Выбрать главу

За всем этим у Кушнера слышится не только горечь, но и свидетельство в пользу текущей минуты, ее осязательной жизненной полноты, ее значительности в сравнении с тем, что уже миновало, и с тем, чего еще нет. По вкусам Кушнер – «неоклассик», но по душевному складу он «презентист», человек, погруженный в настоящее. Дело даже не в декларациях нашего поэта («Времена не выбирают, в них живут и умирают», «Аналогий с прошлым веком не хочу, как с прошлым снегом…»), а в недоверии его ко всякой распространяющейся на столетия монументальности, необъятности, к тому, что подавляет чувства и понятия «современного человека». Тем и близки ему Анненский да еще Чехов, что они, как ему кажется, тоже жили внутри своего времени, чураясь пророческого жеста и умеряя скептической острасткой любую широковещательность. А скажем, Шекспир – тот виноват тем, что частную драму Лаэрта поставил, по-видимому, ниже мировой трагедии Гамлета (стихотворение «Нет, не одно, а два лица…»), Монтень – тем, что ему дано право «рассказать о чести», между тем как его портному, брадобрею и кружевнице не удается вставить в эти речи исторически внятное слово («Монтень»), Достоевский – преувеличенностью страстей, а Данте… «Ни рая, ни ада его не люблю»; «… век наш, направо губя / Людей и налево, от Дантова ада / Наш взор отвратил: зарывали и жгли / И мыслимых мук превзошли варианты…». Какая, однако, уверенность, что век наш превосходит все прочие и по безмерности страданий, и по гуманности истончившейся совести (для которой невыносима чересчур «телесная» Дантова идея возмездня). Мы проще, сдержаннее, искреннее… О, помилуйте, так ли это?

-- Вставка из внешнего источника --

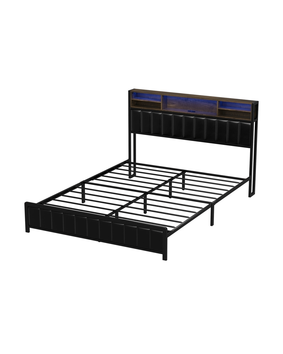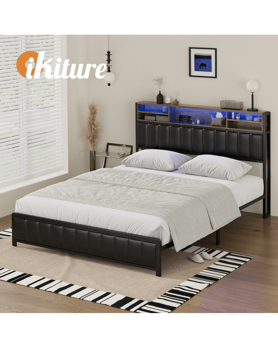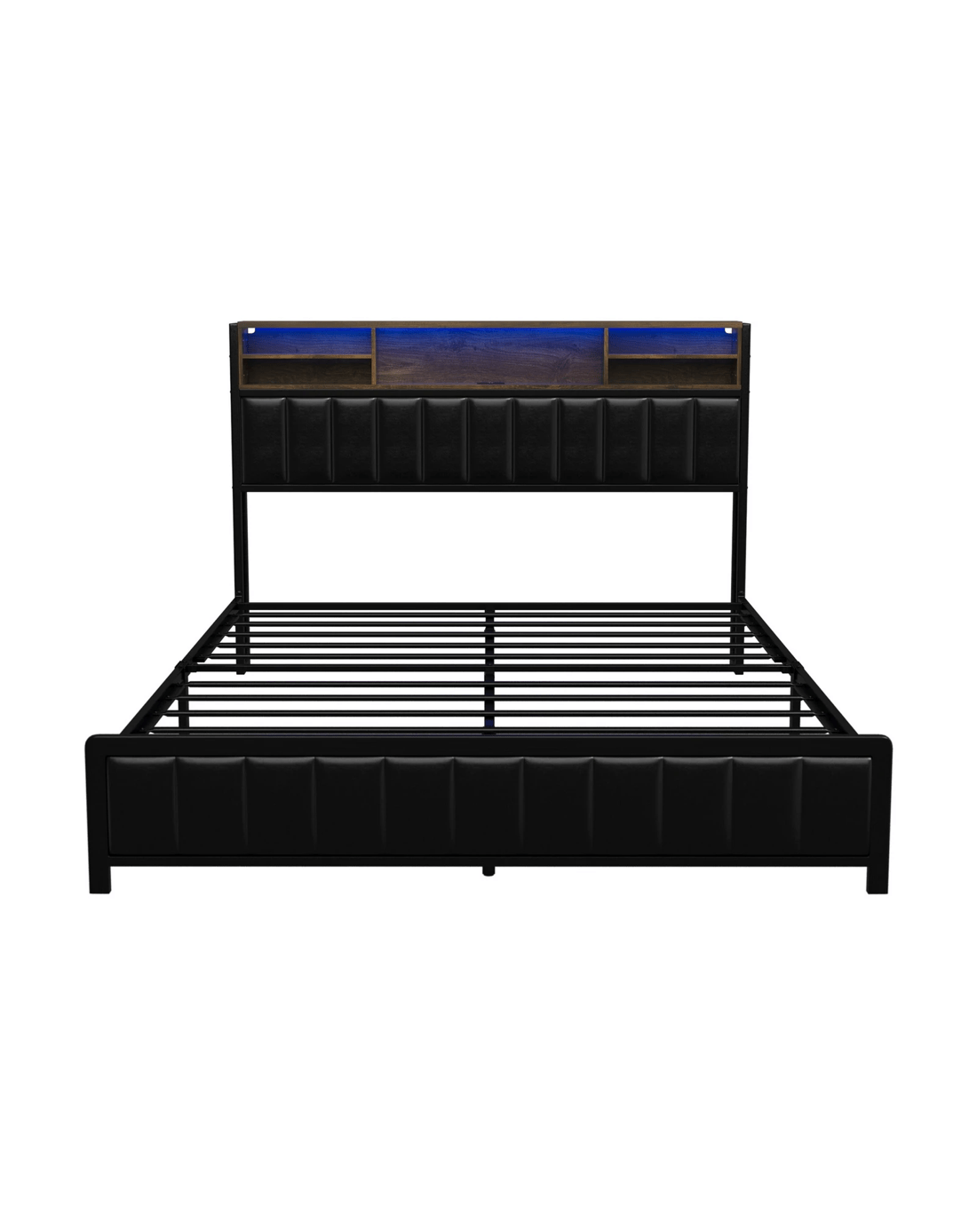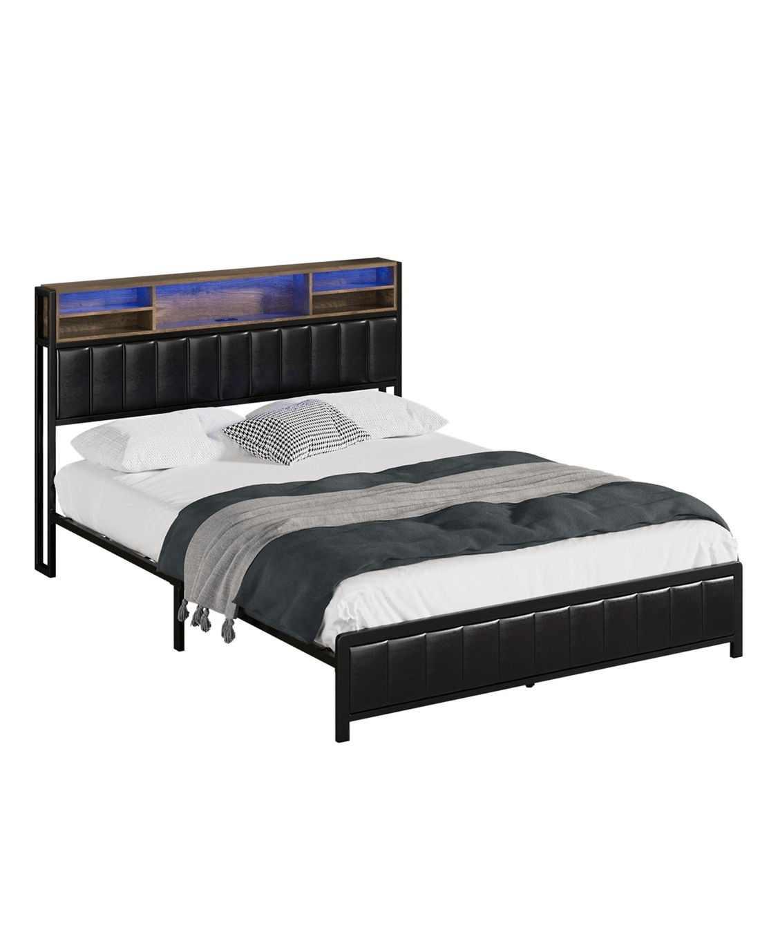 Sold by Kamprad's Oikos 1943Oikiture Bed Frame Queen Size LED Storage Headboard With USB Charge - Black

Кажется, для всех ценителей поэзии Кушнера было ясно, что он поэт культуры, поэт одушевленности и человечности, сберегаемых в ее сосуде, неистребимости в ней личного и сердечного начала. Но прочитайте «Канву», где нет ни одного нового или исправленного стихотворения, и вы с удивлением обнаружите, что он не в меньшей степени поэт, не удовлетворенный культурой, ее непрестанный оппонент. Он предъявляет культуре счет, который та не в силах оплатить. Уже замеченный критикой «европеизм» Кушнера, его тяга к законченности форм и четкости границ сразу же встречается с трагической, малообнадеживающей перспективой. Во времени и пространстве действуют тотальные силы распыления и забвения; душа хоть и бодрится, а зябнет, подхваченная вселенским сквозняком, теряется, как иголка, в стогу топонимов тюркского и угро-финского пошиба: «Никак не вспомнить было, где / живет: в Вилюйске, в Воркуте, / Чите, Ухте, Караганде, / Тобольске или Томске. / Не то в саманной КзылОрде, / не то в туманной Кулунде… Илим, Ишим, Витим, Нарым, / как будто я сквозь тьму и дым / в сплошном снегу иду за ним…» И еще: «Вам звонят из Уфы. – Перерыв. – / Плохо слышно, увы. – Перерыв… Кто-то в черную трубку дышал. / Зимний ветер ему подвывал. / Словно зверь, притаясь, выжидал». Культура со всем ее традиционным арсеналом форм не в состоянии обеспечить абсолютной связи сквозь пространства и времена: «Плохая слышимость. Все время рвется нить».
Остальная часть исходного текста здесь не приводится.